Now let's see how we can use fastai v2 to fine-tune this model on Wikipedia in Portuguese, using all the fastai v2 training utilities.

We will follow these 2 following steps:

- 4.1) **GPT2TokenizerFast (imported GPT-2 tokenizer) --> fastai Tokenizer**: to process the data to train a model, we need to build a fastai tokenizer from the GPT-2 tokenizer with vocab in Portuguese.
- 4.2) **Change vocab embeddings (wte matrix) in the GPT-2 pre-trained model to adapt to the Portuguese vocab**: as the vocab embedding matrix (wte) of the pre-trained GPT-2 model corresponds to the English vocabulary, we'll keep the embeddings vectors of the common tokens between the English and Portuguese vocab.

 First, we import all the text utilities:

In [38]:
from fastai.text.all import *

#### 4.1 GPT2TokenizerFast (imported GPT-2 tokenizer) --> fastai Tokenizer

*(text from Sylvain Gugger Transformers Tutorial)* To process this data to train a model, we need to build a `Transform` that will be applied lazily. In a fastai `Transform` you can define:
- an `encodes` method that is applied when you call the transform (a bit like the `forward` method in a `nn.Module`)
- a `decodes` method that is applied when you call the [decode](https://huggingface.co/transformers/main_classes/tokenizer.html#transformers.PreTrainedTokenizer.decode) method of the transform, if you need to decode anything for showing purposes (like converting ids to a text here)
- a `setups` method that sets some inner state of the `Transform` (not needed here)

In [39]:
class TransformersTokenizer(Transform):
    def __init__(self, tokenizer): self.tokenizer = tokenizer
    def encodes(self, x): 
        toks = self.tokenizer.tokenize(x)
        return tensor(self.tokenizer.convert_tokens_to_ids(toks))
    def decodes(self, x): return TitledStr(self.tokenizer.decode(x.cpu().numpy()))

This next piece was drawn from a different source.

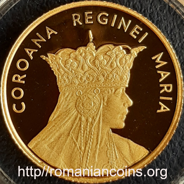 13.92 mm diametru, 1.224 g, aur 99.9%, margine cu zimți Avers: ROMANIA, stema României, valoarea nominală 10 LEI, anul 2015, coroana reginei Maria | Revers: regina Maria purtîndu-și coroana, inscripția COROANA REGINEI MARIA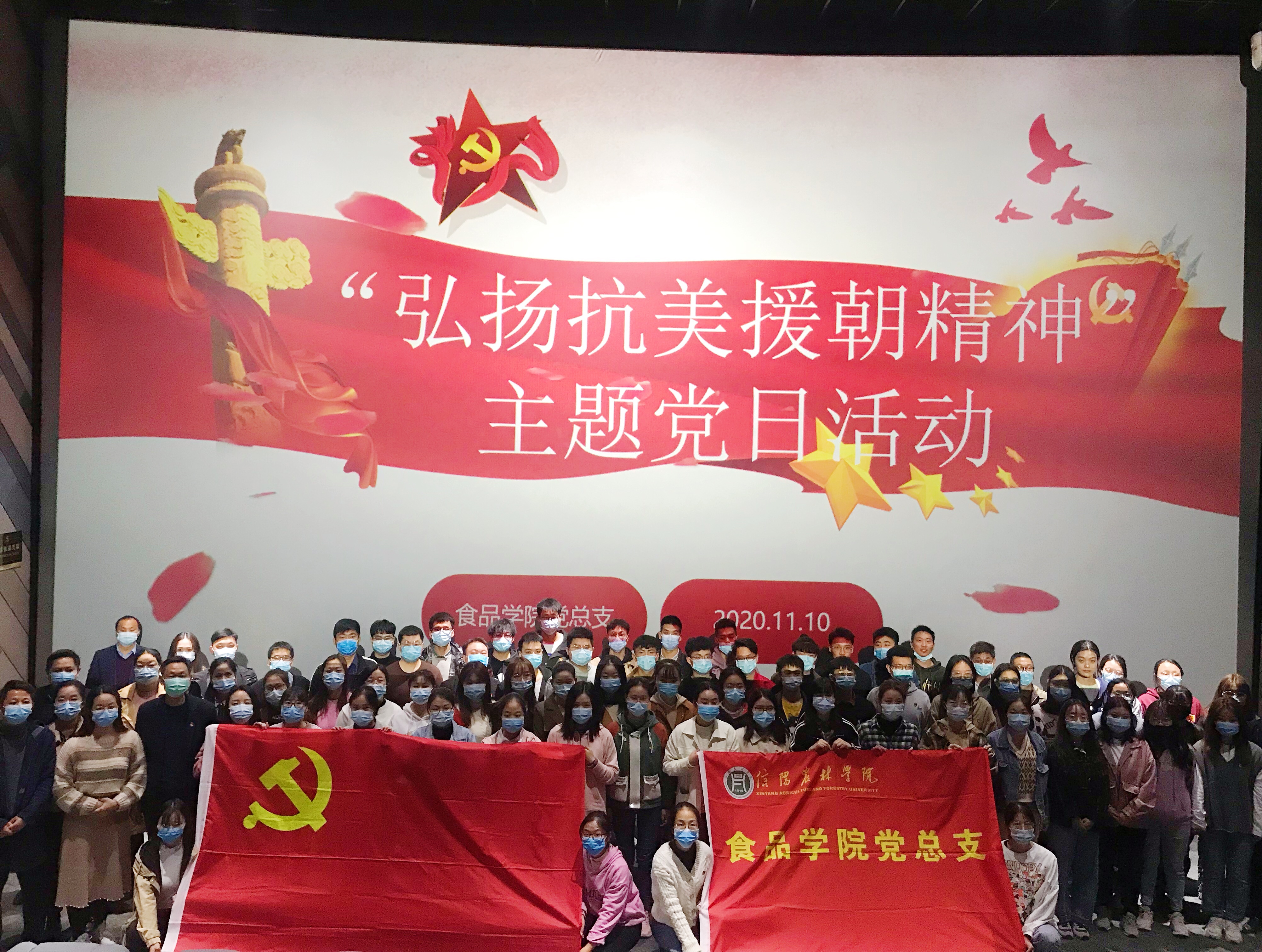 为了弘扬“抗美援朝精神”,铭记历史、致敬英雄,引导党员筑牢理想信念之魂,提高党员干部们的思想政治素质,在新时代继承和弘扬伟大抗美援朝精神,11月10日中午食品学院食品科学与工程教工党支部、烹调工艺与营养教工党支部、学生第一党支部和学生第二党支部开展主题党日活动,组织全体党员及入党积极分子观看抗美援朝题材电影《金刚川》。

Two comments on the code above:
- in `encodes` we don't use the [tokenizer.encode](https://huggingface.co/transformers/main_classes/tokenizer.html#transformers.PreTrainedTokenizer.encode) method since it does some additional preprocessing for the model after tokenizing and numericalizing (the aprt throwing a warning before). Here we don't need any post-processing so it's fine to skip it and we use the [tokenizer.tokenize](https://huggingface.co/transformers/main_classes/tokenizer.html#transformers.PreTrainedTokenizer.tokenize) method followed by the [tokenizer.convert_tokens_to_ids](https://huggingface.co/transformers/main_classes/tokenizer.html#transformers.PreTrainedTokenizer.convert_tokens_to_ids) one.
- in `decodes` we return a `TitledStr` object and not just a plain string. That's a fastai class that adds a `show` method to the string, which will allow us to use all the fastai show methods.

##### Tokenizers

ENGLISH

In [40]:
%%time
# Load the GPT2 tokenizer in English
from transformers import GPT2TokenizerFast, GPT2LMHeadModel
pretrained_weights = 'gpt2'
tokenizer_en = GPT2TokenizerFast.from_pretrained(pretrained_weights)
model_en = GPT2LMHeadModel.from_pretrained(pretrained_weights)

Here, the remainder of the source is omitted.